These documents contain important information about Washington Federal and its financial condition. Information contained in this proxy statement/prospectus supersedes information incorporated by reference that Washington Federal and Anchor have filed with the SEC prior to the date of this proxy statement/prospectus, while information that it files with the SEC after the date of this proxy statement/prospectus that is incorporated by reference will automatically update and supersede this information.
Washington Federal supplied all information contained or incorporated by reference in this document relating to Washington Federal, and Anchor supplied all information contained or incorporated by reference in this document relating to Anchor.
Washington Federal’s filings are available on its website, www.Washingtonfederal.com. Information contained in or linked to Washington Federal’s website is not a part of this proxy statement/prospectus. You may also request a copy of these filings, at no cost, by writing or telephoning Washington Federal at:
Washington Federal, Inc.
425 Pike Street
Seattle, Washington 98101
Attn: Investor Relations
(206) 624-7930

Anchor’s filings are available on its website, www.anchornetbank.com. Information contained in or linked to Anchor’s website is not a part of this proxy statement/prospectus. You may also request a copy of these filings, at no cost, by writing or telephoning Anchor at:
Anchor Bancorp
601 Woodland Square Loop SE
Lacey, Washington 98503
Attn: Investor Relations
(360) 491-2250

The documents incorporated by reference also are available from us without charge. Exhibits will not be sent, however, unless those exhibits have specifically been incorporated by reference into this document. You can obtain documents incorporated by reference into this document by writing or telephoning the Investor Relations departments of Washington Federal and Anchor provided above.
If you would like to request documents from Washington Federal or Anchor, you must do so by [●], 2017 to receive them before the special meeting.

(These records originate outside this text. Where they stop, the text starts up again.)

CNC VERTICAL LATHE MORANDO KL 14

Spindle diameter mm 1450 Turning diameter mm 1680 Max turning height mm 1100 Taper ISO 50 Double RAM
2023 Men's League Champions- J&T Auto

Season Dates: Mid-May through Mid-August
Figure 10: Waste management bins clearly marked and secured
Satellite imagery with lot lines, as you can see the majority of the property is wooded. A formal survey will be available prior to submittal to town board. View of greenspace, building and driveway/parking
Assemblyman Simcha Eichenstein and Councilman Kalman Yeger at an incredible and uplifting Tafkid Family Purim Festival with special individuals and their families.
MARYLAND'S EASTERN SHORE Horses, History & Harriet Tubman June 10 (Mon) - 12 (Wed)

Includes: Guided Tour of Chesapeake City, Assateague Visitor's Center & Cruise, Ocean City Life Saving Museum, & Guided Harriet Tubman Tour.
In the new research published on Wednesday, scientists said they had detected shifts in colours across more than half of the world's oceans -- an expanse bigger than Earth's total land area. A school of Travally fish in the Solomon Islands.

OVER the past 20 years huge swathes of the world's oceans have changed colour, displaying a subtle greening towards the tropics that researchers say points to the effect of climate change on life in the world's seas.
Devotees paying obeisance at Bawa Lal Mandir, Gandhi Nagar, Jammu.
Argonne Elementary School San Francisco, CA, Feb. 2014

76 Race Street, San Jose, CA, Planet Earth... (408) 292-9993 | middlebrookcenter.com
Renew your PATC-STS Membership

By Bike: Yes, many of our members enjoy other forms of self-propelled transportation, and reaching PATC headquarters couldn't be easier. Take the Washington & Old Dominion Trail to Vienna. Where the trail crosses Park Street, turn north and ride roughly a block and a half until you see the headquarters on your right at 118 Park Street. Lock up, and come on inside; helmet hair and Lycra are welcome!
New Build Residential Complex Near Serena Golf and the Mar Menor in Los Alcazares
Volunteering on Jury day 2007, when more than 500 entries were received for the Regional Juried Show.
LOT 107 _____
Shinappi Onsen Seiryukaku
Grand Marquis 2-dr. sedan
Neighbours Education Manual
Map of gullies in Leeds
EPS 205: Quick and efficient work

You should rely only on the information contained or incorporated by reference in this document. No one has been authorized to provide you with information that is different from what is contained in this document. You should not assume that the information contained in this document is accurate as of any date other than the date of this document, and neither the mailing of this document to Anchor shareholders nor the issuance of Washington Federal common stock in the merger shall create any implication to the contrary.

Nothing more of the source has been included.